“She silenced me sharply, and it was plain to me that my style of speaking was such as she did not care her servants to hear.

“‘Come,’ she said, ‘we will talk of this another time. I must be at the theatre again in an hour, and I have much to say to you. It was well with them at Jézero when you left?’

“‘Certainly, it was well with them—as well as it may be in that gloomy place. Dio mio, who would live in such a barn when he might come to this city? I tell you that the very paper hangs in strips upon the walls. You remember what was being done when you went away? Per Baccho, they made a pretty job of it, for the Count came home next day and sent the lot of them about their business. Certainly, that man is fortunate who has no need to live at Jézero!’

“My object in saying this was, if possible, to take her thoughts from that which I saw still troubled her so deeply. But the more I talked, the readier was she to listen, and the questions she put to me were not to be numbered. ‘It may be as you say,’ she said, ‘but Jézero will always be very dear to me, Andrea. I could willingly have lived my life there; yet that was not to be. Tell me, does Count Paul ever speak of coming to Vienna?’

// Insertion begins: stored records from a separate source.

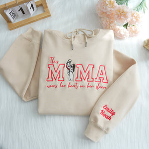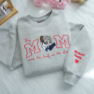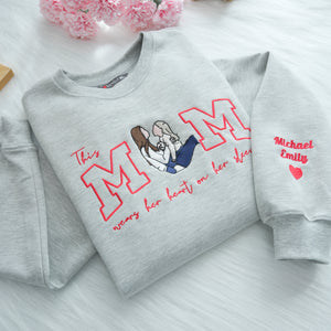 Mom Wears Her Heart on Her Sleeves - Custom Thread Mama Sweatshirt with Photo Gift for Mom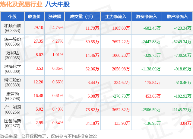 个股表现方面,炼化及贸易行业当日领涨股为和顺石油(603353),该股当日报收29.1,上涨4.75%,成交量11.79万,主力资金净流入1105.8万元。统一股份(600506)以上涨4.27%紧随其后,该股当日成交量39.55万,主力资金净流入7697.22万元。除此之外,万邦达(300055)、渤海化学(600800)、博汇股份(300839)均进入当日牛股之列。具体个股列表见下表: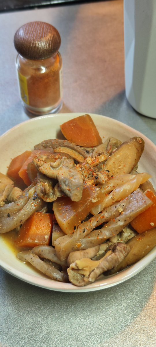 自家製もつ煮を肴にお土産の芋焼酎を飲む 焼酎は味は甘くて美味しい 香りはアルコール臭が強いので開けてから少し経った方がバランスが取れるかも もつ煮はコンソメと隠し味にお酢を入れるのが自分流レシピ #自炊 #料理 #もつ煮 pic.x.com/2J7iCoC6t1

“‘I have heard nothing of it,’ said I.

“‘I am glad of that,’ she answered, though there were tears in her eyes when she said it. ‘My husband would kill him if he came here!’

“‘Your husband!’ cried I; ‘Santa Maria, I had forgotten him. Yet what talk! He has not the courage to lift his hand against a dog. Is he in Vienna now?’

“‘He is at Buda,’ she said, turning from the subject.

“‘Christine,’ said I, understanding much from her silence, ‘you have suffered at his hands?’

“‘If I had done so,’ she replied, ‘should I speak of it to you?’